Partido do autor do projeto, PR tem comissões provisórias em quase todos Estados

Legenda que funciona por meio de colegiados atua para impedir norma que vetará funcionamento das estruturas temporárias

Igor Gadelha, O Estado de S.Paulo

08 de fevereiro de 2017 | 17h52

BRASÍLIA – Partido do autor do projeto de lei em discussão na Câmara dos Deputados que permite agremiações políticas manterem comissões provisórias por tempo indeterminado, o PR funciona há anos por meio de comissões provisórias em praticamente todos os Estados brasileiros, entre eles São Paulo e Rio de Janeiro. 

A manutenção dessas comissões provisórias, dizem dirigentes do PR, é uma "estratégia" para centralizar na direção nacional o controle do partido nos Estados e municípios. “Porque a gente tira e bota no comando quem a gente quiser, na hora que a gente quer”, diz um dirigente da sigla.

O autor do projeto que libera o funcionamento dessas comissões provisórias por tempo indeterminado é o atual ministro dos Transportes e deputado licenciado, Maurício Quintella (AL). O político alagoano é também o presidente do PR em Alagoas, Estado em que a sigla também funciona como comissão provisória.

O projeto de Quintella altera a Lei dos Partidos Políticos para, na prática, barrar resolução do Tribunal Superior Eleitoral (TSE) que estabeleceu que as legendas só poderão manter comissões provisórias em cidades ou Estados por até 120 dias. Aprovada pela corte em dezembro de 2015, a norma começará a valer a partir de 3 de março.

Urgência. Diante da proximidade do início da vigência da norma, o líder do PR, Aelton Freitas (MG), articulou com o presidente da Câmara, Rodrigo Maia (DEM-RJ), e outros líderes da base aliada e da oposição a votação da urgência para a tramitação do projeto. A urgência foi aprovada nessa terça-feira, 7, por 314 votos a 17. Apenas PSOL se posicionou contra.

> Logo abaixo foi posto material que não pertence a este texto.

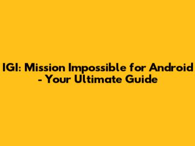 IGI: Mission Impossible For Android - Your Ultimate Guide
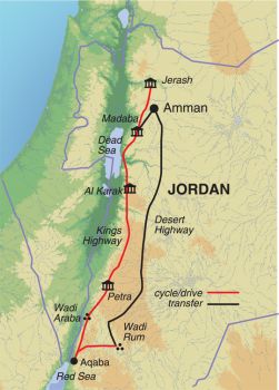 Bike tourists considering a touring itinerary of Jordan will definitely want to include a bike tour of Petra and Wadi Rum, as well as a scenic ride along the Kings Highway to Aqaba on the Red Sea.
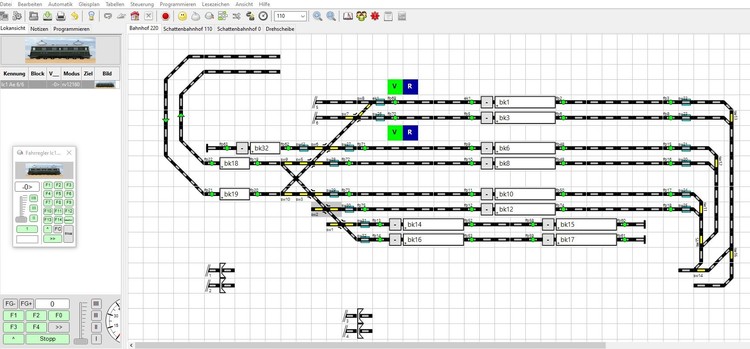 Hallo Hartmut Ich habe inzwischen eine automatische, halbautomatische und manuelle Steuerung im Zusammenspiel mit Rocrail entwickelt. Zumindest mit erfolgreichen Testversionen. Und bin gerade dabei, meine aktuelle Anlage abzuändern. Das dauert aber noch etwas. Einziges Manko sind die Workarounds, weil vom RocStudio keine Rückmelder direkt gesetzt werden können. Aber darum habe ich @Neo ja schon weiter oben gebeten (leider noch keine Rückmeldung, ob das möglich ist). Danke für den Plan. Mal sehen, ob ich da noch was optimieren kann... Wenn es fertig ist, werde ich es hier mal vorstellen. Wenn ich darf... P.S. Du verwechselst Rocrail und Rocview mit Rocstudio, dem Plugin zum MBS ;-) Gruß Thomas
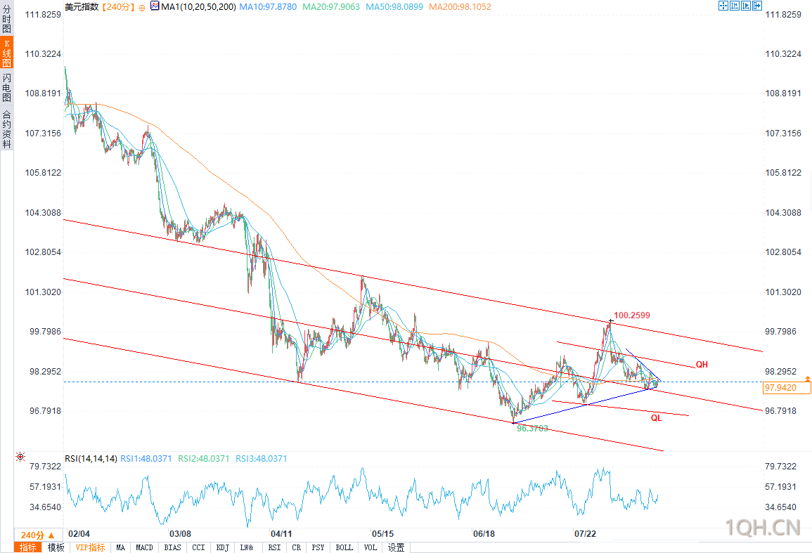 DXY将测试下降通道内的某一条“季度线”(QL/QH,即季度低点/季度高点连线)。这一情景与2025年1月以来美元整体走弱的大趋势一致。若价格突破QL线或QH线,且持续偏离通道中位线,则表明市场情绪发生转变,指数有望突破当前震荡结构,开启方向性走势。
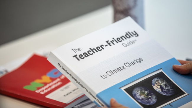 The book “The Teacher-Friendly Guide to Climate Change,” has reached 50,000 educators, including every public high school science teacher in New York City and two-thirds of all science teachers in New York state. Credit: Jason Koski/University Photography.
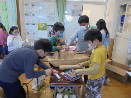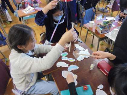 4日(木)の5・6時間目、3年1組は理科の時間でした。「じしゃく」の学習から磁石を使ったおもちゃ作りをしていました。工作用紙や割り箸、紙皿などを使って、「魚つり」「レース場」「エレベーター」などを作っていました。できたおもちゃで遊ぶ姿がとてもすてきでした。
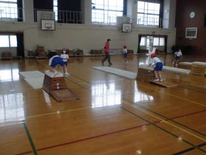 体育の時間には,とびばこあそびをしました。自分に合った高さでとび箱の上に乗ったり跳び越えたりしました。踏切板を上手に使いながら,リズムよくジャンプしていました。安全のために着地にも気をつけていました。
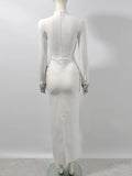 2024 Sexy Women's Heavy Industry Beaded Bandage Dress Bodycon Stand Collar Long Sleeve Midi Dress Cocktail Evening Party Vestido
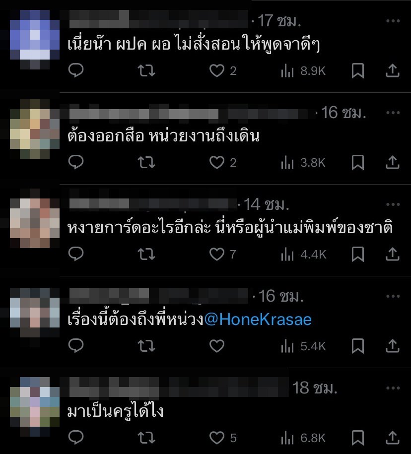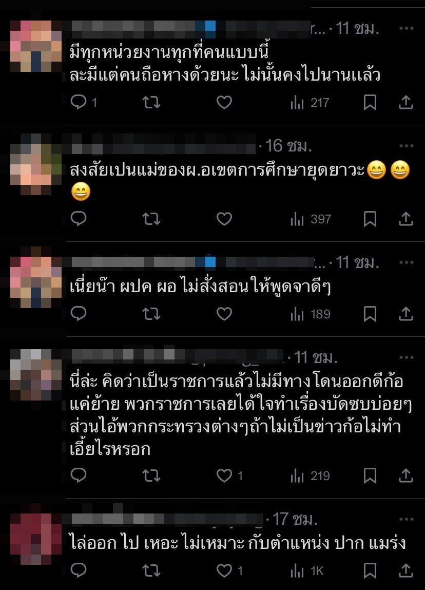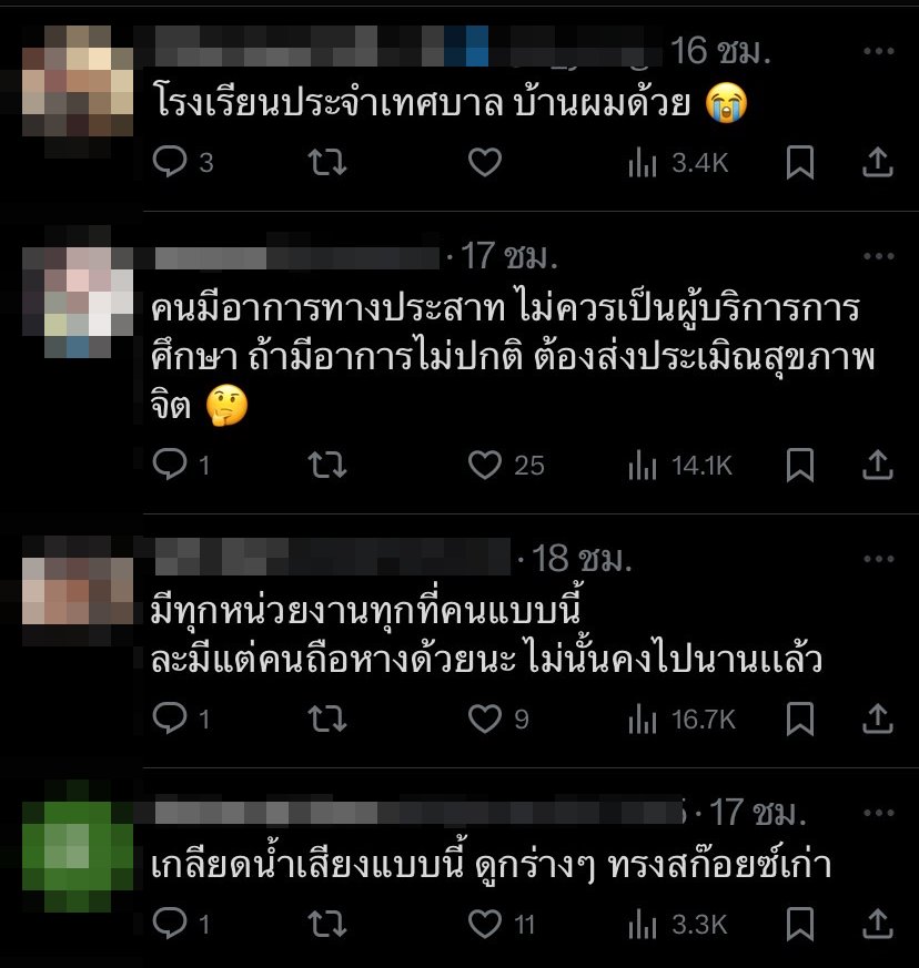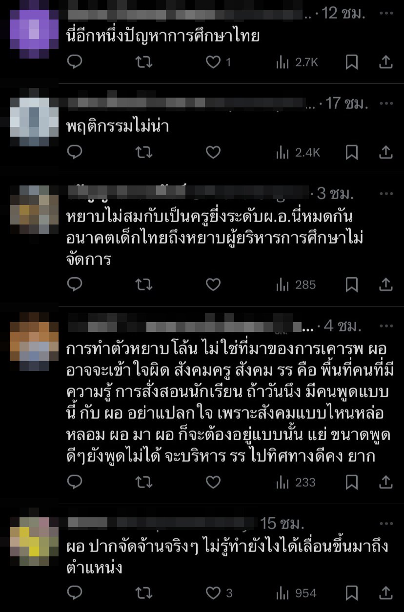 ขณะที่ชาวเน็ตได้เห็นเรื่องราวดังกล่าวต่างก็เข้ามาแสดงความคิดเห็นเป็นจำนวนมาก โดยเห็นพ้องต้องกันว่า พฤติกรรมแบบนี้ไม่ควรมาเป็นครูด้วยซ้ำ ทำไมถึงได้เลื่อนขั้นขึ้นไปเป็นถึงผอ.โรงเรียน จับฉลากได้มา หรือเพราะมีแบล็คดีกันแน่? จะเรียกตัวเองว่าเป็นแม่พิมพ์ของชาติได้อย่างไร หากยังทำตัวแบบนี้ เรื่องออกสื่อแล้วเจ้าหน้าที่ที่เกี่ยวข้องคงจะต้องเริ่มทำงานกันหน่อยแล้ว

O ministro do TSE, Gilmar Mendes, no entanto, considerou um dos trechos do PL, a iniciativa  que proíbe o TSE de punir partidos que tiverem as contas rejeitadas ou não apresentarem suas prestações de contas anuais, uma 'consagração da impunidade'. Diante da repercussão negativa, Maia retirou o projeto da pauta da Câmara. O deputado, no entanto, defendeu a manutenção da votação da parte do texto que permite às siglas manterem comissões provisórias por tempo indeterminado. "Eu acho que gente pode votar, não hoje, mas com calma a parte que trata das comissões provisórias", disse.

Deputados querem derrubar a norma do TSE porque ela diminui o poder dos presidentes nacionais das siglas. A existência de diretórios permanentes exige que partidos sigam regras mais rígidas de funcionamento, entre elas, escolher candidatos por meio de convenções e renovar periodicamente o comando dos partidos nos Estados e municípios. Já as comissões provisórias permitem aos caciques dos partidos nomearem ou destituírem os presidentes estaduais e municipais das siglas por intervenção. Da mesma forma, liberam esses caciques a escolherem candidatos da sigla nas eleições, sem a necessidade de convenções. 

PMDB. Assim como o PR, o PMDB também tem comissões provisórias em alguns Estados e municípios. Um desses colegiados funciona no Rio de Janeiro, onde o partido chegou a eleger o ex-prefeito Eduardo Paes, que governou a cidade entre 2009 e 2017.